Patrik Elmander

Personal information
- Full name: Patrik Elmander
- Date of birth: 26 November 1978 (age 46)
- Place of birth: Alingsås, Sweden
- Height: 6 ft 0 in (1.83 m)
- Position(s): Striker

Youth career
- Holmalunds IF

Senior career*
- Years: Team / Apps / (Gls)
- 2001–2002: Örgryte IS / 27 / (4)
- 2004–2005: GAIS / 47 / (13)
- 2006–2007: → Jönköpings Södra IF / 55 / (25)
- 2008–2009: → Örgryte IS / 2 / (1)

= Patrik Elmander =

Swedish football player

Patrik Elmander (born 26 November 1978) is a Swedish football player.

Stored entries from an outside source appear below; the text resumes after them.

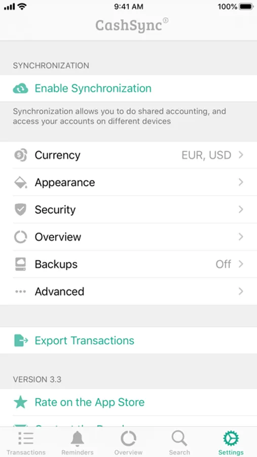 CashSync is a simple, convenient accounting tool with multiple accounts and currencies, cloud synchronization, shared accounting, a reminder system, interactive reports, a built-in calculator, and a currency converter.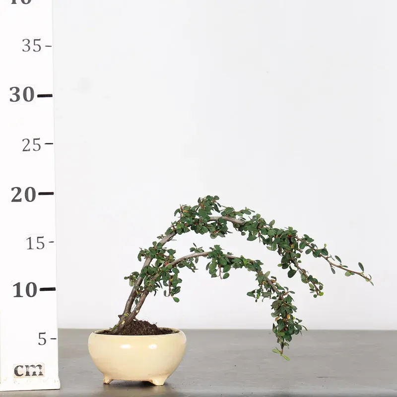 Le bonsai cotoneaster "horizontalis" est très apprécié pour ses petites feuilles et ses petites baies colorées. Les possibilités de mise en forme sont très nombreuses, sa croissance est rapide. C’est vraiment un arbre idéal pour ceux qui veulent s’initier aux différentes techniques de taille et de culture en bonsaï.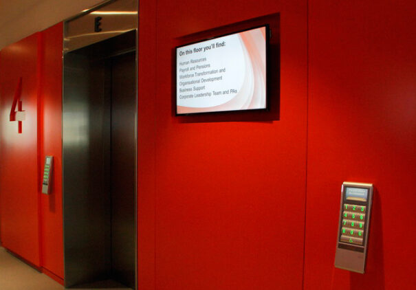 Dentro de las oficinas del personal, en Friargate, la plataforma se utiliza para encontrar indicaciones en los vestíbulos de los ascensores, como soporte en conferencias para mostrar contenido de los eventos, mensajes internos para el personal, visualización de datos en vivo, llamadas en espera del público, transmisión de TV en directo en las área de personal y salas de espera, promoción de eventos de caridad, entrega de contenido de capacitación y muchas otras cosas.
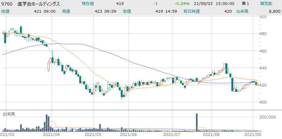 北海道を地盤に全国400以上の学習塾を運営する進学会ホールディングスですが、業績面はイマイチでここ最近は連続赤字での着地となっています。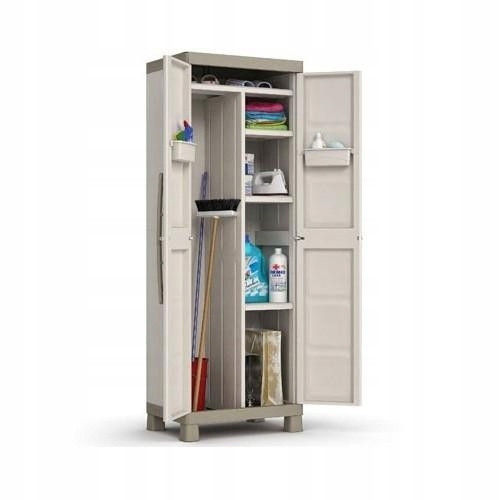 Wyposażona jest w 3 regulowane półki - każda o maksymalnym obciążeniu do 10 kg oraz jedną stałą półkę o udźwigu do 15 kg. Dużym udogodnieniem jest pojemna półka znajdująca się na górze. Natomiast pionowa komora jest idealnym miejscem do przechowywania mopa, zmiotki, wędki czy innych długich przedmiotów. Praktyczne schowki znajdujące się po wewnętrznej stronie drzwi doskonale sprawdzają się w przypadku przechowywania drobnych przedmiotów i akcesoriów.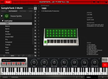 Si vous avez besoin de compléter la collection de synthés de SampleTank 3 pour vos productions EDM, techno, garage, house, trance et dubstep, mais aussi pour la pop, le hip hop et le rock, IK Multimedia vous propose Future Synths, un pack de 150 instruments, 150 patterns MIDI, 4 multis et 28 multis MIDI. Les instruments sont organisés en 6 catégories, vous disposez ainsi de 40 leads, 40 basses, 25 pads atmosphériques, 30 plucks et 15 effets.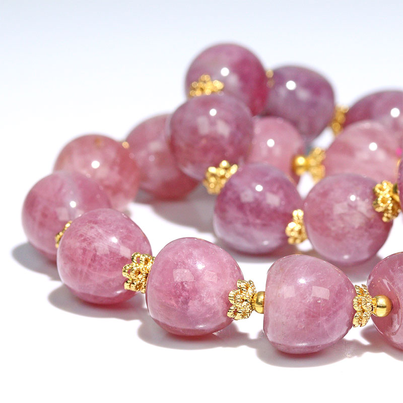 〔K2039〕約13-14mm 発色良い イチゴ型 パープルローズクォーツ ブレスレット マダガスカル産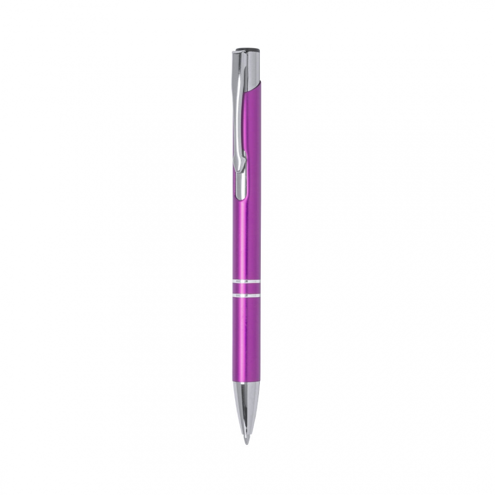 Origineller Kugelschreiber mit Druckknopfmechanismus in elegantem zweifarbigen Design. Gestanzter Aluminiumschaft mit glatter Oberfläche in verschiedenen Farben. Origineller Clip, Ringe und Spitze in Silber. Mit Jumbo-Mine und blauer Tinte.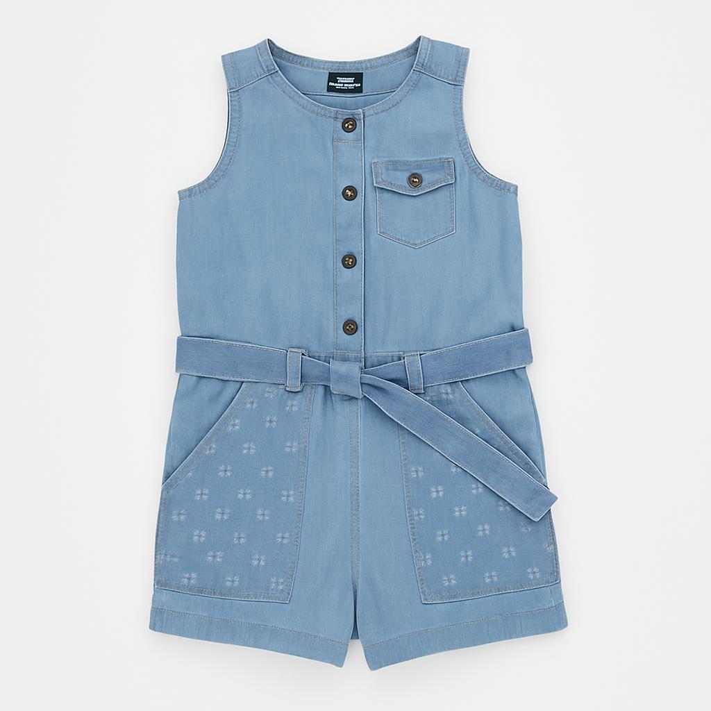 These adorable light denim overalls are perfect for trendy little ones! With their front buttons and chest pocket, they offer a practical and stylish touch. The star-printed fabric waistband adds a cute detail, while the relaxed fit ensures freedom of movement on everyday adventures. Perfect for spring and summer, they're a versatile piece that can be paired with colorful t-shirts or lightweight sweaters. Although pre-owned, they're in excellent condition, ready to make your little girl's wardrobe even more special!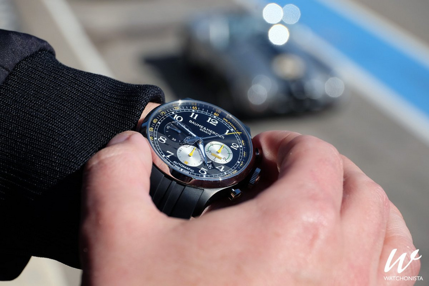 Après l’avoir porté une quinzaine de jours, nous avons clairement ressenti que l’originalité de cette montre intriguait nos interlocuteurs. La couleur jaune est assurément le point segmentant. D’aucuns adorent, d’autres estiment qu’il ne sied pas à une montre de qualité. Chacun jugera. Au-delà de cela, quelques évidences: il s’agit bel et bien d’un chronographe éminemment sportif, très typé et immédiatement identifiable. Baume & Mercier n’a en effet pas lésiné sur les codes et les symboles en référence à Shelby Cobra. Le risque avec ce genre d’exercices, c’est d’en faire un peu trop. On est ici à la limite, mais personnellement nous apprécions cette claire affirmation d’appartenance.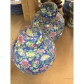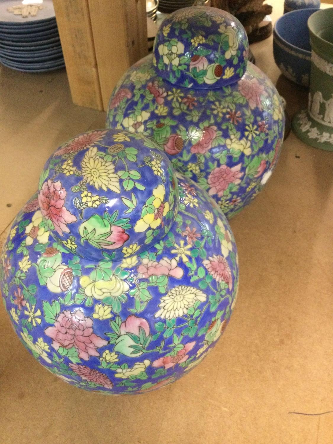 A pair of reproduction ginger jars with floral decorations.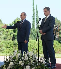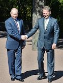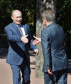 Совладелец группы "Ренова", президент фонда "Сколково" Виктор Вексельберг (слева) во время встречи президента России Владимира Путина (справа) и президента Финляндии Саули Ниинисте в летней резиденции Култаранта под Турку.

Born in Alingsås, Sweden, he is the oldest of the Elmander brothers. His two younger brothers are Johan Elmander and Peter Elmander. He started his youth career at Holmalunds IF. During his career, he has played for Örgryte IS, Kalmar FF, Raufoss (Norway), Gais and Jönköping Södra IF. In 2004, Elmander had the opportunity to play alongside his younger brother Peter during his stay with GAIS.

Elmander cancelled his contract with Örgryte in the summer of 2009. He then continued his career in 2011 in Alingsås IF, then Holmalunds IF in Division 3.